October 2005 Tax Newsletter
New Business: IRS increases standard mileage rates
On September 9, the IRS
announced an increase in the optional standard mileage rates for the last four
months of 2005. For business miles driven between September 1 and December 31,
2005, the rate increases to 48.5 cents a mile, up from 40.5 cents a mile for
the previous eight months of 2005.
The new four-month rate for
medical and moving expenses is 22 cents a mile, up from 15 cents for the
previous eight months.
The rate for driving connected
with charitable activities remains unchanged at 14 cents a mile since that rate
is set by law and not adjusted by the IRS as vehicle operating costs fluctuate.

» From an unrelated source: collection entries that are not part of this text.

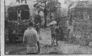
মাওবাদীদের লাগানো আগুন বিধ্বস্ত দুটি গাড়ি।

দান্তেওয়াড়া (ছত্তিসগড়), ১০ আগস্ট : একাধিক গাড়িতে আগুন ধরিয়ে দিল মাওবাদীরা। বৃহস্পতিবার ছত্তিসগড়ের দান্তেওয়াড়া জেলায় ঘটনাটি ঘটে। দান্তেওয়াড়ার বাছেলি শহরের কাজে রাস্তা নির্মাণের কাজ চলছে। বৃহস্পতিবার আড়াইটে নাগাদ সেখানে হামলা চালায় প্রায় ৪০ জন সশস্ত্র মাওবাদী। পাঁচটি ট্রাকে আগুন ধরিয়ে দেয়। শুধু তাই নয়, ট্রাক চালকদের মোবাইলগুলিও ছিনিয়ে নেয় মাওবাদীরা। এক সপ্তাহের মধ্যে ছত্তিসগড়ে এটা তৃতীয় মাওবাদী হামলা। এর আগে ৯ আগস্ট কামারুল স্টেশনের কাছে রেললাইন উপড়ে দিয়েছিল তারা। পাশাপাশি দুটি যাত্রীবাহী বাস এবং একটি ট্রাকে আগুনও ধরিয়ে দিয়েছিল।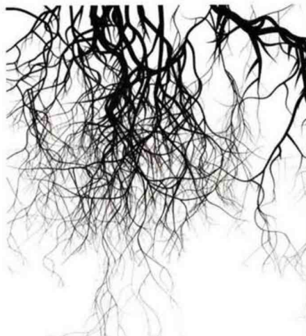
Mounir Fatmi - Sans titre (Racines) - 2016

« Nous éliminons une candidature sur deux » assume C. Phal. Le nouveau comité de sélection, septuor de maîtres du dessin, statue sur plus de cent cinquante dossiers, afin de choisir quelque soixante-dix galeries internationales. La présence française est, très volon-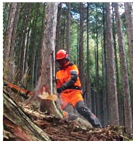
伐倒: チェーンソー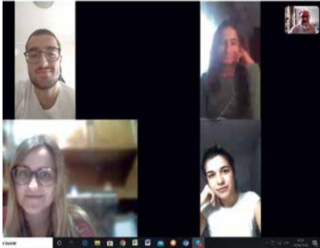
Reunió amb els festers i festeres.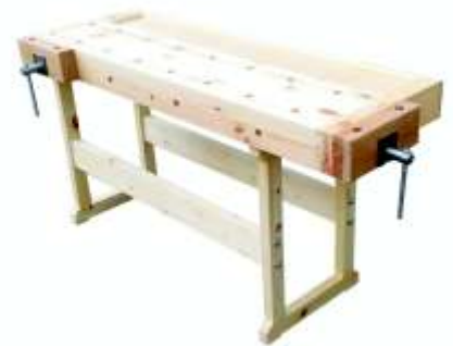
« ( ) »

However, the recent Hurricane Katrina relief legislation increased the mileage
rate for charitable driving done for hurricane relief activities to 70% of the
business mileage rate.
The gift tax exclusion – use it or lose
it!
Did you know that this year you
can give gifts of up to $11,000 to as many individuals as you want without
being liable for gift tax? Normally, any gift you make counts towards your
lifetime exemption from gift and estate taxes. That’s so you don’t
just give away your estate shortly before death to avoid estate taxes.
But each year you can make an
unlimited number of gifts free of tax, provided they’re below a certain
amount. The limit for 2005 is $11,000 per gift. A husband and wife each have
their own separate limit, so they can jointly give up to $22,000 to any one
person.
You can put the gift exclusion
to good use in several situations. For example, you could use a multi-year gift
program to decrease the size of your estate and reduce estate taxes. A married
couple giving to each of their three children could reduce their estate by a
total of $66,000 every year, for example.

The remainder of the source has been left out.